I am just fine with my “only.” I read, I write, I think the thoughts put on hold for the past 17 days, I doze. When it gets too hot I go stand under some giant mushroom water shower thing, fully clothed, lower my internal body temp, and then go back to my seat. A little over three hours later my two water rats come back: you won’t believe it! C’est incroyable! We saw Camille’s brother he is here he is here wiz her family! Unbelievable. What are the chances? It’s the last week of the exchange, in a park holding hot bodies in the tens of thousands, and here are two brothers who live in the same house half a globe away? It’s a French miracle. Desperately I try to text the other host family with what’s left of my cell phone juice, pulling every string I can to track them down. Too late! The boys are already “tubes up!” into the lazy river and can’t be bothered.

It’s wild, truly wild where life takes you. Last year, it took me the base of the Eiffel Tower. The real one, with my daughters. We could not go up because in that single day in August last summer, they went on strike. Tickets for the remaining days before our departure were sold out months before, and the tickets I had carefully secured online were no good. We stood under her soaring steel limbs and gazed upward in awe. Worth a trip from any angle, but still, a sorely missed part of our itinerary. We took dozens of artsy photos and breathed in her raw majesty, but for the bird’s eye view of all Paris, we could only imagine.
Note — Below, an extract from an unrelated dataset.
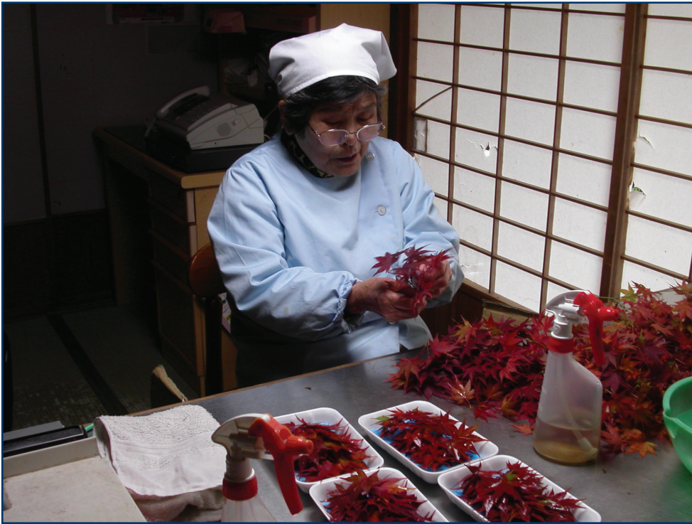
Photo 2: A woman prepares and packages leaves

At last, he found several farming households whose female members agreed to cooperate with his plan. The various kinds of leaves collected by the women—all in their 60s—were loaded by Mr. A in the agricultural cooperative's automobile, which he drove to Osaka and Kyoto in an attempt to peddle them at several markets. In the beginning, Mr. A found difficulty in grasping consumers' needs, such as the form of a leaf, color, size that are called for each season. Reluctantly, he made repeated visits to restaurants where leaves were actually being used in cooking. Bit by bit, he learned how to choose and arrange leaves that would be seasonal and those that would bring out the best flavor of the food.
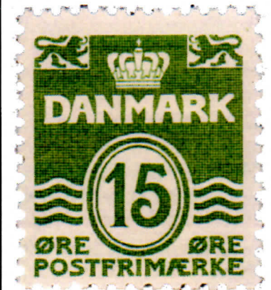
1933 – 1992: Intaglio Quadrilled background with no hearts and an extra ring around the denomination.

This summer, a year later, I am about to get that bird’s eye view of all—er, rural Virginia. We are hurrying through the park to meet with Will who has gone off alone for the last 15 minutes before the park closes to ride the “Berzerker.” I didn’t want him to miss out, and Camille and I agree that a ride named after mental infirmity is probably a bad start.  Instead, he and I rode soaring biplanes, high above the trees. “Promise!” Camille yells to me as the little planes start to ascend, “You promise. Open you EYES! And so it goes. Me feeling like an overgrown kid strapped into an orbiting aluminum toy plane at 9:30 at night, following an undergrown teen in his perfect element, soaring through the night air, his face illuminated and shining with all the lights when he turns around to look at me. When we are on the ground again we hurry, hurry side by side to the park exit and to William. Out of the blue he throws his arm around me, or around my side, as we are walking and he is too short to reach my shoulder; it’s more like a walking “side hug,” and he grips my arm trying to match my stride: “Sank you for ziss. Sank you, Jennifer” (pronounced geneefair). “I sink you are my American muzzer. And I am your French ked.” Yes, Camille. Yes. I knew there wasn’t anything holding me to those tracks. Force of love. Remember? Most powerful force on the planet, my ked.

So that is how I find myself five minutes before the park closes riding a tiny elevator up into the darkness and the (mock) three floors of Le Tour Eiffel de Kings Dominion. Camille detoured us with three minutes to spare and here we are, elevator opening for the last time tonight. I am climbing the EIFFEL TOWER (kind-of) with a French ked in the middle of the night in the middle of my life. What are the chances? Do you see things like this coming? I certainly didn’t, but then the ride is so fast I don’t always have my eyes open. (Thank you, Camille.) Apparently this little scale model is one third the height of the original. Still it soars over the park, and the views at night are breathtaking because there are lights as far as the eye can see. All lights and beautiful colors blinking and glinting for miles. The air up here has cooled, and a light rain is beginning to fall, more like a mist. We stand there, gazing out over the iron rails, silenced by beauty. On the night breeze, the satisfaction and gratitude for the day we have accomplished hums quietly, like electricity. His eyes are bright. My eyes are un peu wet. And oh, are they open.